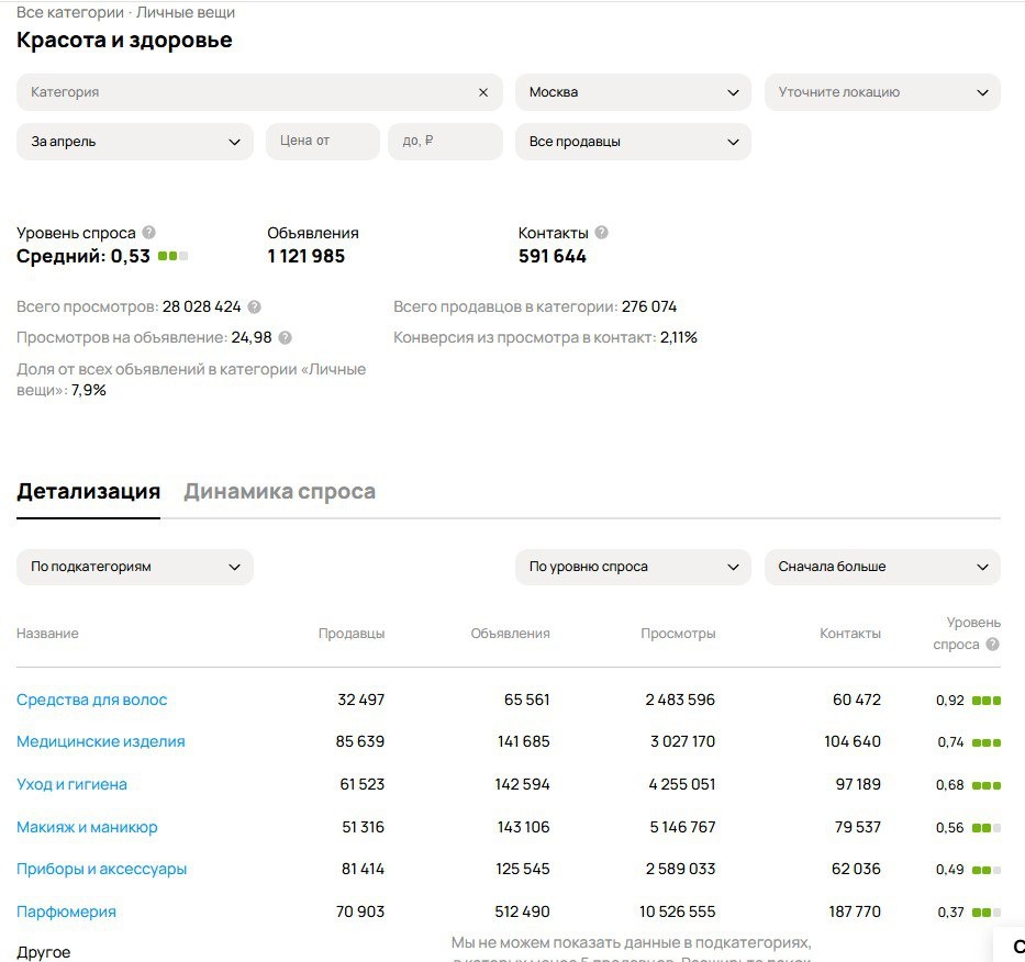 В Красоте и здоровье очень приличный спрос 0.92 на средства для волос. Понимайте, что речь не только о новых невскрытых упаковках. Народ за остатками шампуней и гелей для укладки идет на Авито и с удовольствием их покупает. А вот Парфюмерия внизу списка. Признаюсь, думала спрос на нее активный. А тут 0.37 всего 🤔
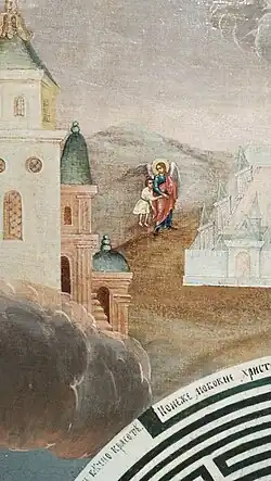 В своём движении вверх к Небесному Иерусалиму душа может прочесть имеющиеся на иконе надписи: «Яко на пути в нынешнем пребывая животе да со Христом будеши вечно красоте» и «Брате, словесем врага не веруй твоего. Дондеже прейдет скорый бег жития сего»[5]. Вверху выходов из лабиринта два. Путника встречает надпись: «Понеже любовне Христос призывает и райские врата усердно отверзает». В верхней части иконы находится изображение самого Небесного Иерусалима с двенадцатью воротами, а также чистые души, их провожают к Небесному Городу двое ангелов. Над Небесным Иерусалимом в облаках, которые играют роль картуша[1], находится изображение Деисуса[6][1]. Богородица и Иоанн Предтеча обращаются к Господу с просьбой о спасении рода человеческого. Над Небесным Иерусалимом под Деисусом парит Дух Святой в образе голубя[4].
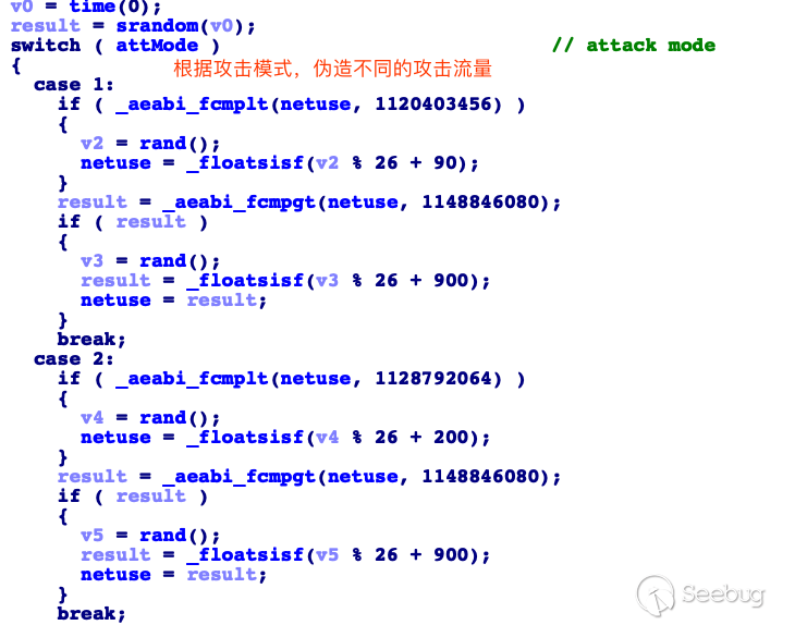 比較有趣的是,下游的黑客在發動 DDoS 攻擊的時候,可能根本不會想到,主控中顯示的惡意程序的攻擊流量速率幾乎都是偽造的。我們在SendInfo線程中發現,當惡意程序執行 DDoS 攻擊時,會調用“fake_net_speed”函數,該函數會根據不同的 DDoS 攻擊的模式,在一個固定的范圍內偽造攻擊流量速率。下圖為對部分計算隨機流量的截圖:

──────────────────────────────

Your instructions =
Please set down the data above exactly as given, leaving every picture out.

Reply =
 В Красоте и здоровье очень приличный спрос 0.92 на средства для волос. Понимайте, что речь не только о новых невскрытых упаковках. Народ за остатками шампуней и гелей для укладки идет на Авито и с удовольствием их покупает. А вот Парфюмерия внизу списка. Признаюсь, думала спрос на нее активный. А тут 0.37 всего 🤔
 В своём движении вверх к Небесному Иерусалиму душа может прочесть имеющиеся на иконе надписи: «Яко на пути в нынешнем пребывая животе да со Христом будеши вечно красоте» и «Брате, словесем врага не веруй твоего. Дондеже прейдет скорый бег жития сего»[5]. Вверху выходов из лабиринта два. Путника встречает надпись: «Понеже любовне Христос призывает и райские врата усердно отверзает». В верхней части иконы находится изображение самого Небесного Иерусалима с двенадцатью воротами, а также чистые души, их провожают к Небесному Городу двое ангелов. Над Небесным Иерусалимом в облаках, которые играют роль картуша[1], находится изображение Деисуса[6][1]. Богородица и Иоанн Предтеча обращаются к Господу с просьбой о спасении рода человеческого. Над Небесным Иерусалимом под Деисусом парит Дух Святой в образе голубя[4].
 比較有趣的是,下游的黑客在發動 DDoS 攻擊的時候,可能根本不會想到,主控中顯示的惡意程序的攻擊流量速率幾乎都是偽造的。我們在SendInfo線程中發現,當惡意程序執行 DDoS 攻擊時,會調用“fake_net_speed”函數,該函數會根據不同的 DDoS 攻擊的模式,在一個固定的范圍內偽造攻擊流量速率。下圖為對部分計算隨機流量的截圖:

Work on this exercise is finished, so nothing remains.